A drawback of the first mandate as opposed to delineating extensions of rights in the proposal itself is that the congress could potentially do nothing to extend rights to children.  It is presumed in such a case, that the parents of children would see fit to claim their children as, if not property, then still as some part of their own pursuit of happiness and demand protection for them as such.  This would leave defenseless the orphans or children without parents or guardians, and all manner of horrors could befall them.  The worse outcome being that some collective or individual of personal power could gather up and by any cruel means condition those defenseless orphans to be willing to be enslaved by that collective or individual even after their attainment of rights at the age of 18.  It is, by this proposal, the responsibility of congress to impose such extensions of rights as are necessary to prevent the creation of such individuals that desire enslavement, or otherwise desire to be a means onto others.

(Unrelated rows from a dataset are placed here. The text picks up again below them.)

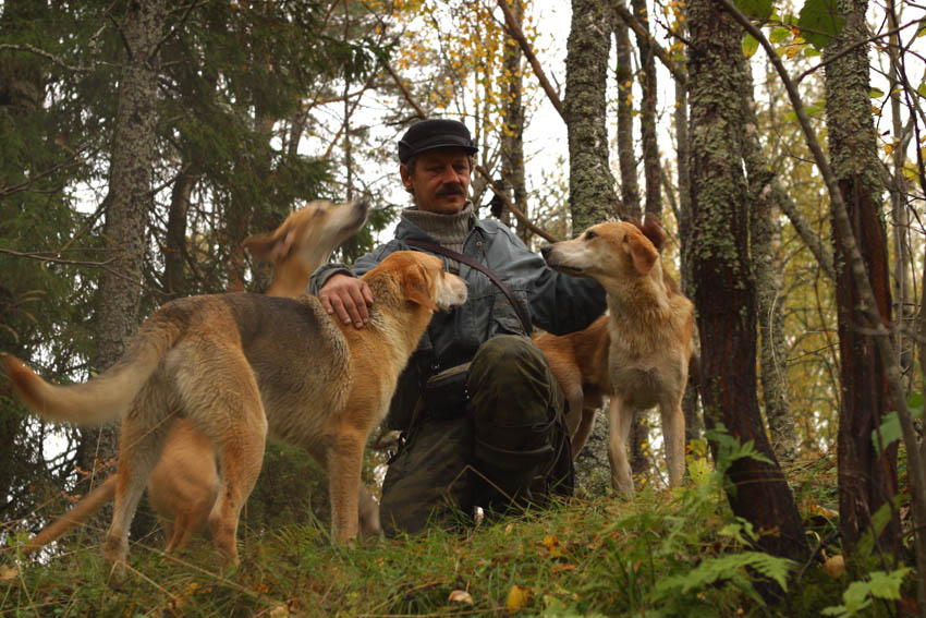 Смотрю, они ищут, ищут, ищут: Морда к морде. И вдруг натекают на пахучий волнующий след. Проверяют. И вот, нос ещё сзади, не может оторваться, а корпус, ноги уже в погоне. Уже пошли вперед. Не отдавая голос. Рывком! На гон.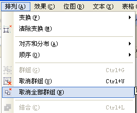 11、執行”排列--取消全部群組“菜單命令取消全部組合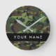 Reloj Redondo Mediano Patrón de camuflaje verde, nombre, personalización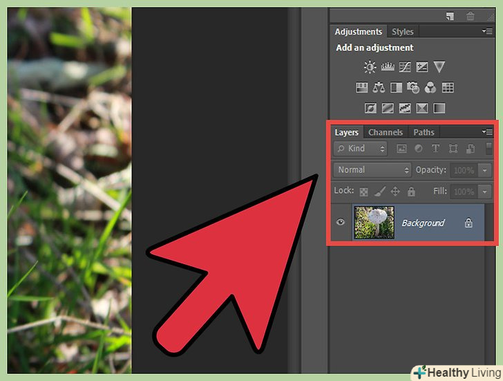 Відкрийте панель Layers.для цього відкрийте меню "Window", потім виберіть у списку" Layers", якщо ця панель ще не активована. Пам'ятайте, ви не змінюєте кольору самого зображення, ви створюєте інвертований шар поверх нього.- Якщо ви хочете інвертувати кольори якоїсь окремої обрости зображення, то виберіть інструмент виділення (Marquee, Lasso або Magic Wand) і позначте їм потрібну область. Якщо ж ви хочете інвертувати кольору всього зображення, то подібна вибірковість буде зайвою.[2]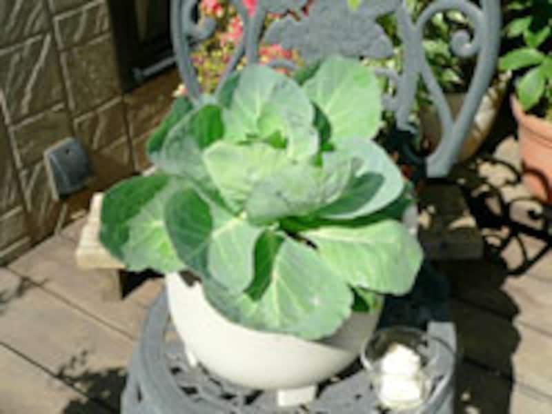 でもキャベツって暑さは苦手なんですね。真夏などに日向に置くとグッタリします。朝日が少し当たって半日陰になるスポットに置きました。それでも弱り気味のキャベツに、今度は虫がたくさんついたりしました。虫嫌いなガイドですが、割り箸片手に虫退治。無農薬で育てようと、ここはひとふん張りがんばりました。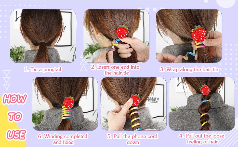 - No Hair Damage:This stylish hair accessory for young girls can be elegantly wrapped around a double or single ponytail, adding a decorative touch while also securing and smoothing your child's hair. The phone cord elastic hair ties is easy to put on, provides secure hold without causing any pulling, and is both easy to clean and reusable.

The first mandate could conceivably be perceived to permit Congress to extend these rights to non-citizens.  However, the proposed amendment specifically grants these rights to all humans above the age of 18, and does not exclude non-citizens nor citizens of foreign nations.  Thus under this proposal, a foreign individual living in a foreign country has the same basic rights as any citizen of the United States, however this does not prevent a reasonable lack of accommodation on behalf of the United States to these rights of foreign individuals.  For instance, if a foreign man is accused of the murder of a another foreign man in a foreign nation, there is no reason for the United States to grant the accused the right to a trial by jury in that foreign nation.  However, if the foreign man accused of such a murder were to flee to the United States, then the United States may, unless otherwise conflicting with a treaty, put the man on trail for the act.  Insofar as foreign enemies to the United States, it may well be reasonable to deem all of the citizens or at least all of the military of a foreign nation to be a credible threat to the right to life of Citizens of the United States or another country, at which time those foreign citizens may be exposed to consequences up to and including revocation of the right to life.  In other words, the United States will still be fully capable of waging war to defend itself despite the extension of these rights to foreign citizens.  However, such war will be challengable on the grounds of constitutionality in the courts of the United States, such that the individuals of the United States, or conceivably even individuals of the enemy nation that come to the United States in peace may employ their reasoning faculties in the attempt to bring about an end or some modification to the conflict.